This study considered the experimental parameters (Nano-graphene oxide reinforced polycarbonate, GFRP) under low-velocity impact load and vibration analysis. The effect of nano-graphene oxide (NGO) on a polycarbonate-based composite was studied. Two test procedures were adopted to obtain experimental results, vibration analysis. The mechanical tests were performed on damaged and non-damaged specimens to determine the damaging effect on the composite specimens. After the test was carried out, the effect of NGO was measured and damping factors were ascertained experimentally. 0. 2 wt% NGO was determined as the optimum amount that best affected the Vibration Analysis. The experiments revealed that the composite's damping properties were increased by adding the nanoparticles to 0.25 wt% and decreased slightly for the specimens with the highest nanoparticles content. Cyclic sinus loading was applied at a frequency of 3.5 Hz. This paper study the frequency effect of 3.5khz frequency damage on mechanical results. Found that high frequency will worthlessly affect the fatigue life in NGO/polycarbonate composite. In 3.5 Hz frequency, it was chosen to decrease the heat by frequency.
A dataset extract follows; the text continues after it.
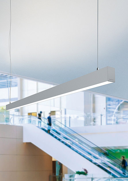 Eine leistungsstarke Lichtlösung mit DIREKT/INDIREKTER LICHTVERTEILUNG. Die gute Entblendung erlaubt eine freie Positionierung im Raum, durch die Ausgewogenheit zwischen diffusem indirekten Licht und gerichtetem direkten Licht entsteht ein angenehmer Raumeindruck.

Transmission electron microscopy (TEM) micrographs were used to investigate the distribution of NGO on the polycarbonate matrix and revealed a homogeneous mixture of nano-composites and strong bonding between NGO and the polycarbonate which increased the damping properties and decreased vibration. Finally, experimental modal analysis was conducted after the high-velocity impact damage process to investigate the defect on the NGO polycarbonate composites.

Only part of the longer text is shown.